The release of More Bad News, the third album by Philadelphia-based Broadside Electric, is wonderful news for any fan of electric folk music. This trio of musicians manages to blend electric instruments in with acoustic ones without turning their music into folk-rock. Their sound is darkly brooding and almost timeless, because they draw on such a wide variety of sources for inspiration.

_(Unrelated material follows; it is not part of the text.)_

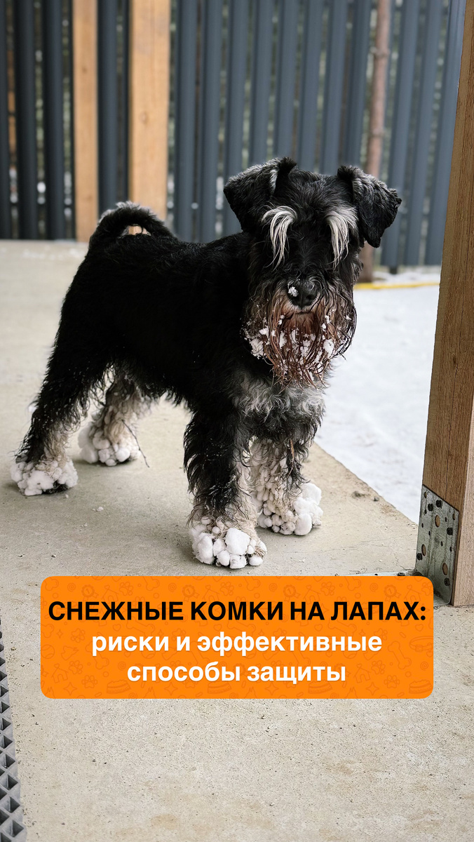 Снежные комки на лапах собаки могут представлять опасность по нескольким причинам. Они не только вызывают дискомфорт, но и могут привести к травмам, переохлаждению или контакту с вредными веществами. Рассмотрим основные риски и способы защиты. Механические повреждения Снежные комки, набивающиеся между подушечками лап и шерстью, могут: • Натирать кожу, вызывая раздражение, трещины и мокнущие раны. • Замерзать, образуя ледяные «камешки», которые мешают ходьбе и травмируют ткани. • Скрывать острые предметы (стекло, гвозди, осколки), которые могут поранить лапы. Особенно уязвимы длинношёрстные собаки, у которых снег часто сбивается в плотные комки. Химические риски Городской снег часто содержит реагенты (соль, хлорид кальция, другие химикаты), которые: • Сушат и разъедают кожу, вызывая трещины и язвы. • Проникают в раны, усиливая воспаление и боль. • Попадают в организм при вылизывании лап, что может привести к отравлению, гастриту или повреждению внутренних органов. Кр

The album is comprised of a number of Child Ballads (or versions thereof), a Woody Guthrie song, and Irish folk song, a French song, and tunes from France, Bulgaria, Ireland, Shetland, and Macedonia. This fluency in such a variety of musical traditions makes their songs seem like they could have come from anywhere. Their sound is distinctly their own, inspired by many sources and yet indebted to none. Following good tradition, almost all the songs on the album are bloody and depressing. Hence the title. Well, all except one - "Lord Bateman"; but in the liner notes they apologize: "There is a happy ending, but we think it's a good song anyway." But don't worry, two of the other ballads, "Babylon" (Child #14) and "Sheath and Knife"(Child #16), more than make up for the happy ending of "Lord Bateman." "Babylon" is the story of a robber who goes about his daily murderous business, only discovering the identity of his victims after the fact. "Sheath and Knife" is the story of a brother and sister who get into trouble, and get out the ugly way. The death count is much lower, but the circumstances are quite a bit more sick and twisted. Nevertheless, it is still quite a beautiful song. There are also a few songs that are just a lot of fun, like "As I Roved Out," an Irish song which describes in detail yet another reason not to have casual sex, and the French song and tune set "J'ai V le Loup" (with "J'ai V le Loup, le Reynard, et la Bellette," put together because of the name), which just makes you want to get up and dance.